Chapter 8, Problem 12CT

To determine

The type of progression of the given series and hence its sum.

Answer to Problem 12CT

The given series is an arithmetic progression. Sum of the series is 45.

Explanation of Solution

Given: The given series is-

  ${\displaystyle \sum _{n=1}^{15}(n-5)}$

Concept Used: The sum of any series can be represented using the summation sign as follows-

  $a_1+a_2+a_3+\mathrm{....}+a_n={\displaystyle \sum _{k=1}^n{a}_k}$

This represents a series whose $n^{th}$ term is $a_k$ and the sequence consists of n terms which are $a_1,a_2,a_3,\mathrm{....},a_n$ , i.e.- putting in k = 1, 2, 3 …. in the $n^{th}$ term of the sequence gives the respective terms of the series. Also, for any constant c,

  ${\displaystyle \sum _{k=1}^{n}c{a}_k}=c{\displaystyle \sum _{k=1}^n{a}_k}$ , holds true $\forall c\in R$ .

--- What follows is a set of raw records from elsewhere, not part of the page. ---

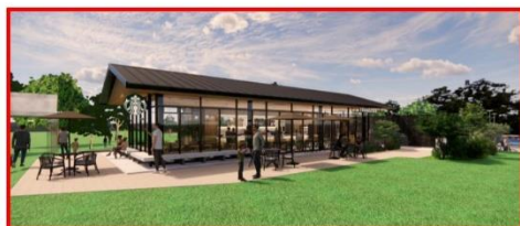
スターバックスコーヒー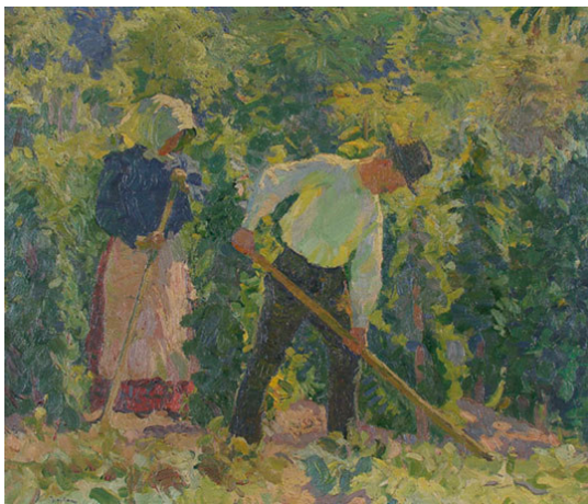
Nyilas Sándor: Földművelők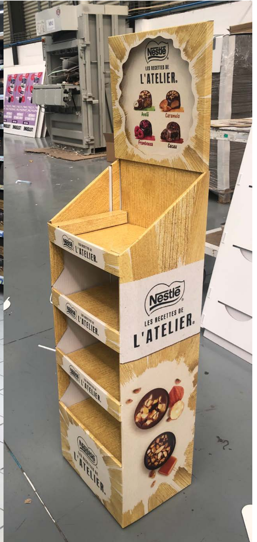
PROJECTO Campanha Nestlé Natal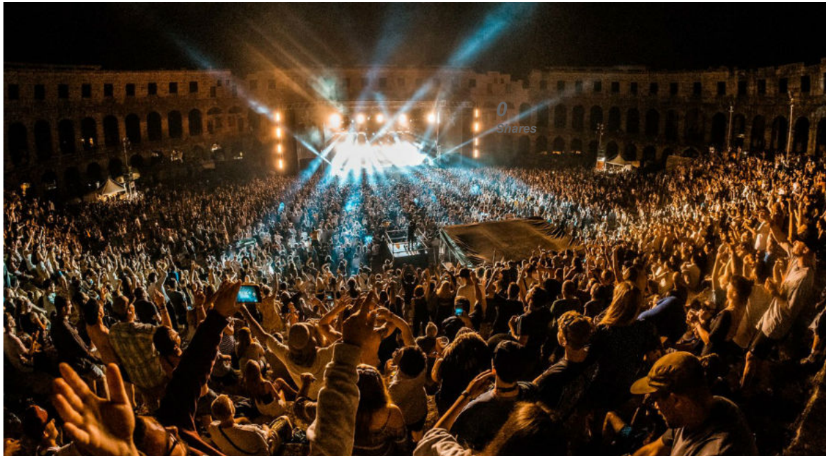
Outlook festival

Hrvatska festivalska produkcija počela se zahuktavati u ljeto 2007. najviše oko zagrebačkog INmusic a i zadarskog The Gardena.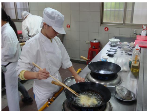
食材備妥且注意衛生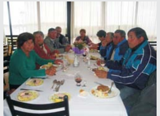
Adultos Mayores disfrutaron de un rico almuerzo.

Con gran entusiasmo se desarrolló el jueves 14 de octubre, la Celebración Comunal del Adulto Mayor, la que este año congregó a cerca de 500 abuelitos.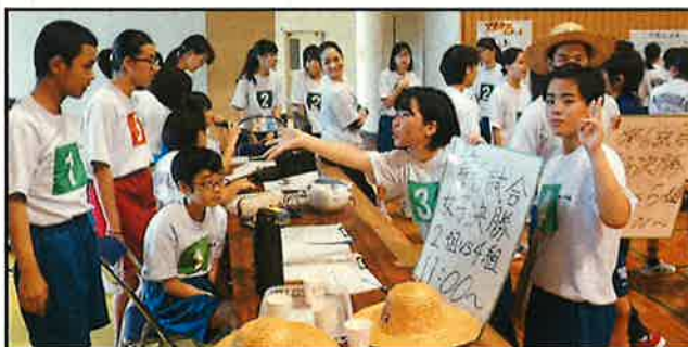
見事な執行部や各専門員会の自治活動(運営)

A series is said to be an Arithmetic Progression (or A.P) if the difference between any two consecutive terms, namely the $k^{th}$ term and the ${(k+1)}^{th}$ is a constant, i.e.-

  $a_{k+1}-a_k=d$ , $k=1,2,3,\mathrm{...}(n-1)$

This constant d is called the common difference. Sum of n terms of any A.P having first term a and common difference d can be determined using the formula-

  $S_n=\frac{n}{2}\left[2a+(n-1)d\right]$

A series is said to be a Geometric Progression (or G.P) if the ratio of two consecutive terms, namely $k^{th}$ term and the ${(k+1)}^{th}$ is a constant, i.e.-

  $\frac{a_{k+1}}{a_k}=r$ , $k=1,2,3,\mathrm{...}(n-1)$

This constant r is called the common ratio. Sum of n terms of any G.P having first term a and common ratio r can be determined using the formula-

  $S_n=\frac{a(r^n-1)}{r-1}$ , if $\left|r\right|>1$

  $=\frac{a(1-r^n)}{1-r}$ , if $\left|r\right|<1$

Calculations: The given series is-

  ${\displaystyle \sum _{n=1}^{15}(n-5)}$

Thus, the $n^{th}$ term of the corresponding sequence is-

  $a_n=n-5$

Thus,

  $a_k=k-5$

  $a_{k+1}=(k+1)-5=k-4$

Now,

  $a_{k+1}-a_k=(k-4)-(k-5)$

  $=k-4-k+5$

  $=1$ , which is a constant.

Since the difference of two consecutive terms is a constant hence the given series is an A.P series with common difference $1$ .

Thus, the sum of the series can be determined as follows-

  ${\displaystyle \sum _{n=1}^{15}(n-5)}$

  $=(-4)+(-3)+(-2)+\mathrm{....}+10$ (Sum of first 15 terms)

  $=\frac{15}{2}\left[2\times (-4)+(15-1)\times 1\right]$ , since $a=-4$ and $d=1$

  $=\frac{15}{2}\left[-8+14\right]$ ,

  $=\frac{15}{2}\times 6$

  $=15\times 3$

  $=45$

Hence, the sum of the given series is 45.